Dr. Rinaldo suggested that this unfortunate change "may be a
normal homeostatic response to low viral load." He is now trying
an end run around this homeostatic mechanism by providing ongoing but
benign stimulation with an HIV protein. He is enhancing the
production of HIV-specific CTL precursors by growing large numbers of
dendritic cells in vitro, stuffing them with cationic liposomes
containing an HIV protein, and adding them to cultures of T cells.
He has found that the CTL response can be recovered by repeated
treatment with the HIV-protein-containing dendritic cells,
particularly if IL-12 is also added to the culture. This is all in
vitro work so far, but does suggest a possible strategy for filling
in the most important piece missing from immune recovery after
HAART--the generation of CTLs able to kill HIV-infected cells.
Ann-Charlotte Leandersson, BSc, at the Swedish Institute for
Infectious Disease Control, Stockholm, presented elegant but
depressing data confirming that "successful HAART therapy does
not induce recovery of HIV-specific CD4+ responses" once they
have been lost in adult patients. "No or very low increases in
HIV-specific T-cell responses were seen even though viral load was
reduced and CD4 levels increased," she reported.

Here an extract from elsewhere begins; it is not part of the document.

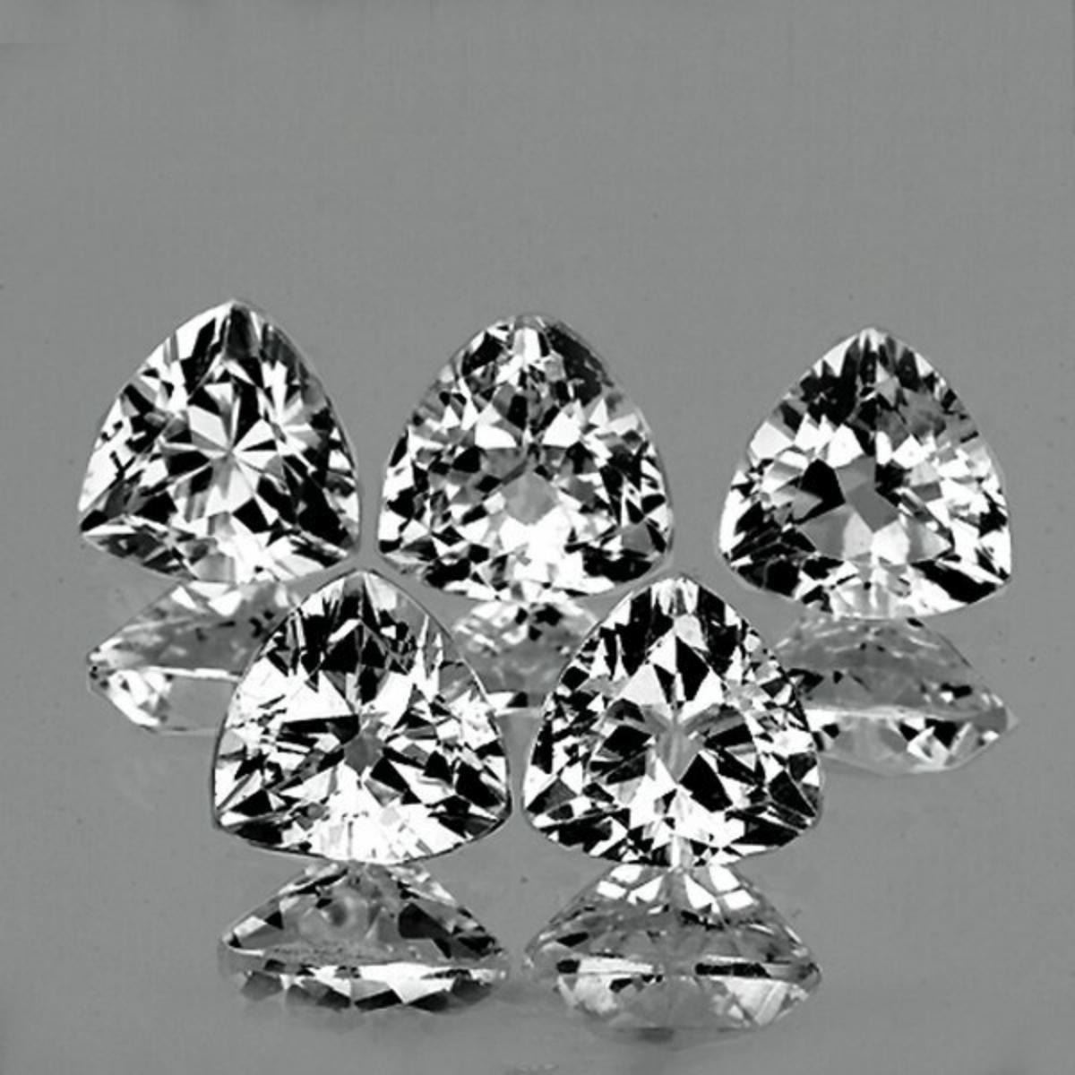 Natural White TopazSIZE ( L x W x D ) : 7.00 mm;COLOR : Top Diamond Colorless White;SHAPE : Trillion;QUANTITY ;: 5 pieces (Perfectly Matched Set);LUSTER : Excellent!CLARITY : FLAWLESS-VVS1 ; BEST QUALITYHARDNESS : 8;ORIGIN : Brazil; TREATMENT : None;

Dr. Leanderssons group attempted to restore HIV-specific
immunity by vaccinating patients with a recombinant gp160 vaccine
prior to treatment with HAART, and did observe "a tendency
toward higher response in patients who had received vaccination prior
to HAART." This again suggests that some type of vaccination
strategy may be needed for immune restoration.
Hopeful News in Children
The situation in children may be different, since they still have
functional thymus glands. Allessandra Vigano, MD, of the University
of Milan, reported that the all-important naïve CD4+ T cells do
increase after HAART treatment, even in children with advanced disease.
Thymus volume also increased, and there was a positive correlation
between thymus volume (as measured by MRI) and the increase in CD4
cells, the ratio of naïve to memory cells, and the expansion of
the T-cell receptor beta repertoire. Most patients also had increased
ability to respond to recall antigens.